Issue Date: May 11, 2009
Budget Boosts R&D Support
PRESIDENT BARACK OBAMA is proposing to spend $147.6 billion in fiscal 2010 to support federal R&D. The 2010 budget, released on May 7, represents a 0.4%, or $555 million, increase over the 2009 R&D budget.
The detailed 2010 budget request expands on the budget outline released by the Administration in February (C&EN, March 9, page 4). Consistent with that outline, neither the fiscal 2009 nor fiscal 2010 budget includes funds allocated under the American Recovery & Reinvestment Act, which provides more than $18.3 billion for R&D over the two-year period.
"We in the science and technology community have done better than just about any other constituency" in the 2010 budget proposal, said John P. Holdren, director of the Office of Science & Technology Policy, at a press briefing. The reason, Holdren continued, is that "we have in the White House a President that gets it."
The emphasis on basic and applied research in the budget underscores the President's belief that science is important to the country's future. The proposed budget tags some $59.0 billion—a 0.6%, or $376 million, increase from 2009—for this area.

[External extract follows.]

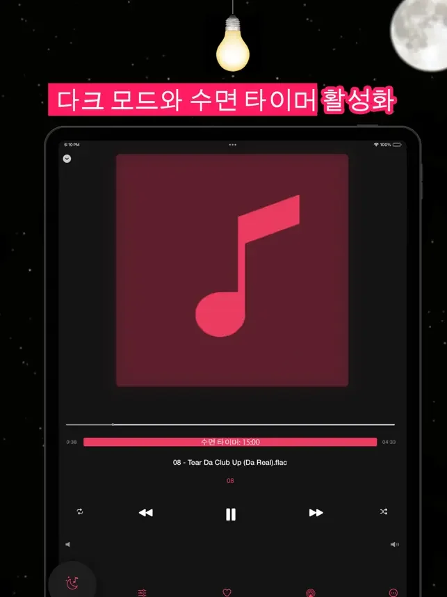 * 취침 타이머: 좋아하는 음악을 들으며 잠들 수 있습니다. 음악을 시작한 다음 카운트다운 타이머를 설정합니다. 카운트다운이 끝나면 앱이 음악을 부드럽게 중지합니다.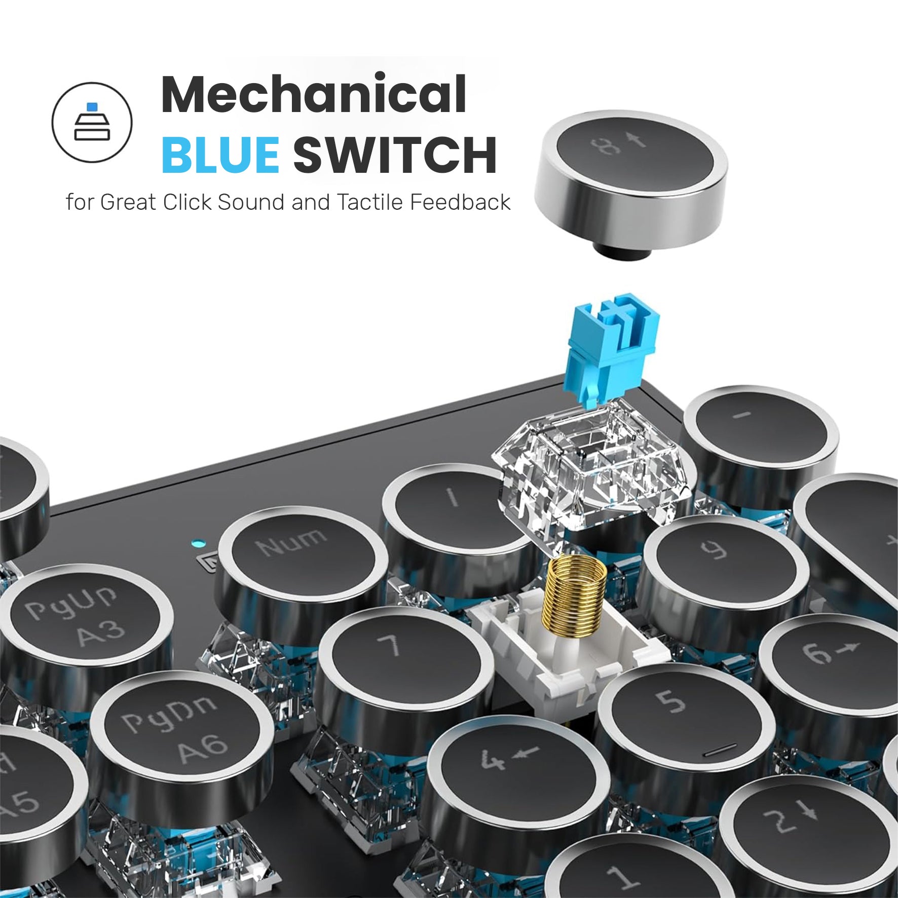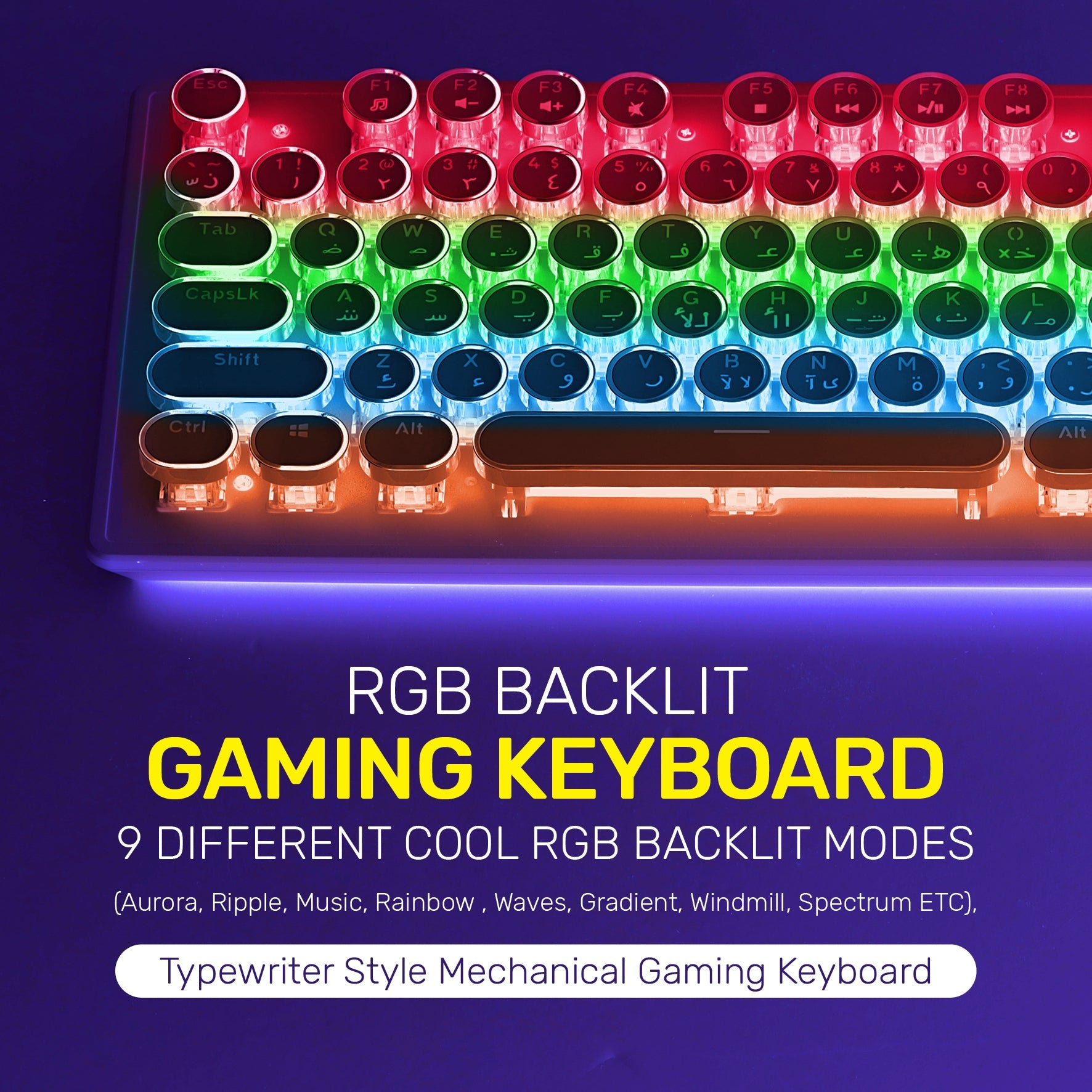 • [Retro Typewriter Style with Mechanical Keys] - Mechanical blue switch for ultimate gaming performance. The mechanical keys offer medium resistance, audible click sound & tactile feedback. Vintage steampunk round keycaps looks like a classical typewriter, brings you comfortable typing feeling & stable clicking touch.

Research investments along with money for development—which represents $84.1 billion of the R&D budget for 2010—will be used to invest in four key priorities: basic research, clean-energy research, national security research, and biomedical and health research.
The proposed 2010 budget would keep three key physical science agencies on track to double their budgets by 2016. For 2010, NSF is slated to grow by 8.5% to $7.0 billion, with the allocation for R&D set to rise by 9.4% to $5.3 billion. The Department of Energy Office of Science's budget for 2010 would jump 3.5% to $4.9 billion, while that of NIST would grow by 1.2% to $652 million.
Federal interagency science and technology programs would see a mixed bag of growth under the President's proposed budget. For example, the Climate-Change Science Program, in which about a dozen R&D agencies participate, would grow by 2.3% to $2.0 billion in 2010, but the National Nanotechnology Initiative, which includes 11 R&D agencies, would fall by 1.0% to $1.6 billion in 2010.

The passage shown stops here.